#### What you are asked to do
The output should hold exactly, and only, the lines from the line bearing "Chóa đèn PT.S5" through the last line of the listing below, and no pictures.
── Recorded information
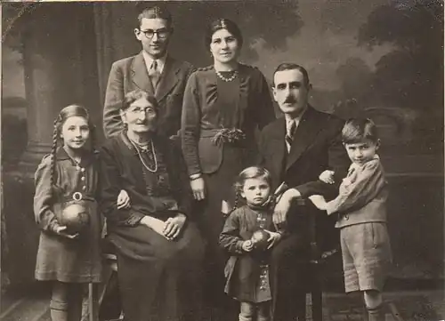 Die Familie Glaser aus Fürth im Jahre 1938: Oberste Reihe, von links nach rechts: Willie (* 1921), Adele (* 1895) – Zweite Reihe: Bertha (* 1930), Esther (* 1860), Ferdinand (* 1890) – Unterste Reihe: Frieda (* 1935), Leo (* 1932). Adele, Bertha, Leo und Frieda wurden am 22. März 1942 von Fürth nach Izbica deportiert. Ferdinand wurde am 7. Dezember 1943 von Paris nach Auschwitz deportiert. Esther Glaser starb am 6. April 1942 im Jüdischen Krankenhaus Fürth. Willie Glaser konnte kurz vor Kriegsbeginn nach England ausreisen, er kehrte 1944 mit der 1. Polnischen Panzerdivision zurück und lebt heute in Kanada.
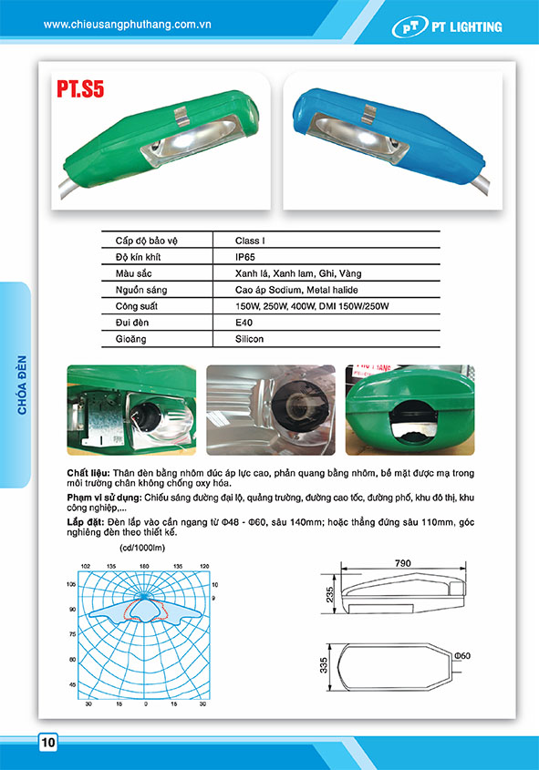 Chóa đèn PT.S5 có đến 4 màu sắc cho bạn lựa chọn: xanh lá, xanh lam, ghi, vàng. lắp đặt chóa cũng không phải đơn giản. Chọn chóa có chất lượng chưa đủ, chóa phải có màu sắc phù hợp với cảnh quan đô thị, làm tăng tính thẩm mỹ cho khu đô thị
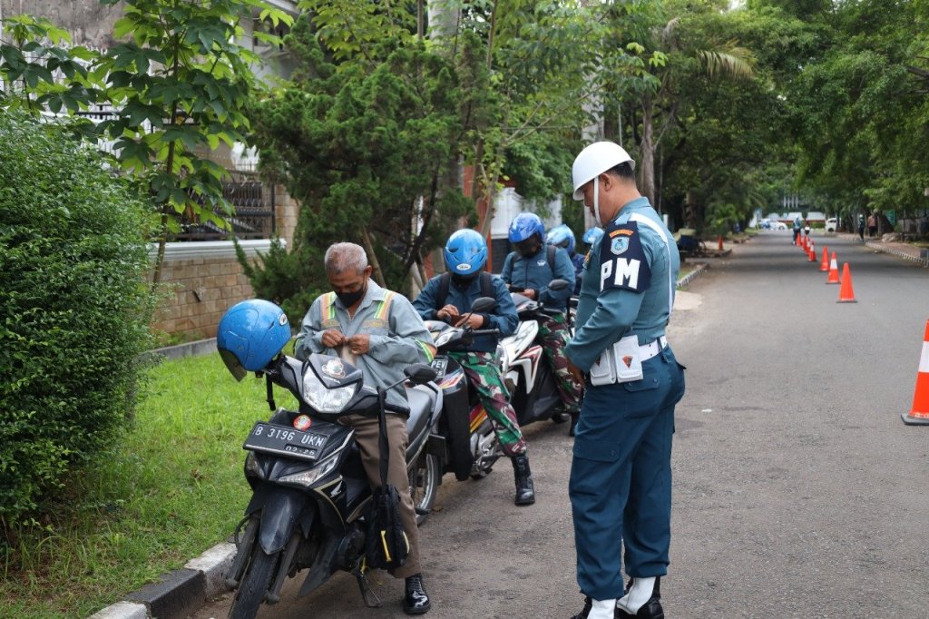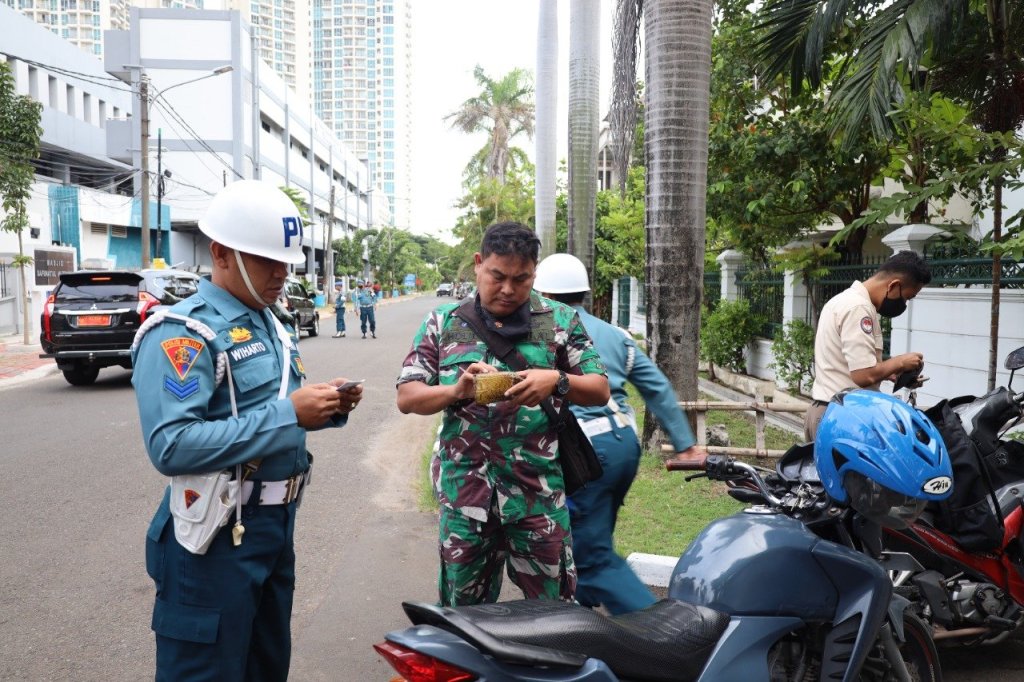 TNI AL Satuan Provos Pusat Hidro-Oseanografi TNI Angkatan Laut (Pushidrosal) menggelar operasi Penegakan Ketertiban Disiplin bertempat di Jalan raya Pintu Masuk Mako Pushidrosal, Jl. Pantai Kuta V/I. Senin (21/11/2022).
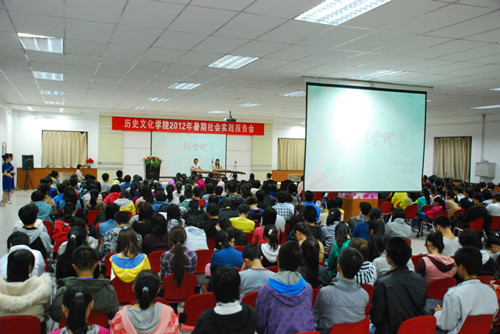 2012年9月27日晚7点30分,万象城AWC在大学生活动中心一楼隆重举行了以“探访历史古迹,感受文化建设”为主题的暑假社会实践报告会。学院党委副书记柴蓉老师,研究生教务秘书张连银老师,团委书记杨芳老师,辅导员王新春、刘军民老师和在本次实践活动中提供帮助的2012级文物与博物馆专业硕士杨瑞出席了报告会。此次活动由学院团委学生会实践科技部主办,300余名学生聆听了报告会。
────
#### Response area
 Chóa đèn PT.S5 có đến 4 màu sắc cho bạn lựa chọn: xanh lá, xanh lam, ghi, vàng. lắp đặt chóa cũng không phải đơn giản. Chọn chóa có chất lượng chưa đủ, chóa phải có màu sắc phù hợp với cảnh quan đô thị, làm tăng tính thẩm mỹ cho khu đô thị
 TNI AL Satuan Provos Pusat Hidro-Oseanografi TNI Angkatan Laut (Pushidrosal) menggelar operasi Penegakan Ketertiban Disiplin bertempat di Jalan raya Pintu Masuk Mako Pushidrosal, Jl. Pantai Kuta V/I. Senin (21/11/2022).
 2012年9月27日晚7点30分,万象城AWC在大学生活动中心一楼隆重举行了以“探访历史古迹,感受文化建设”为主题的暑假社会实践报告会。学院党委副书记柴蓉老师,研究生教务秘书张连银老师,团委书记杨芳老师,辅导员王新春、刘军民老师和在本次实践活动中提供帮助的2012级文物与博物馆专业硕士杨瑞出席了报告会。此次活动由学院团委学生会实践科技部主办,300余名学生聆听了报告会。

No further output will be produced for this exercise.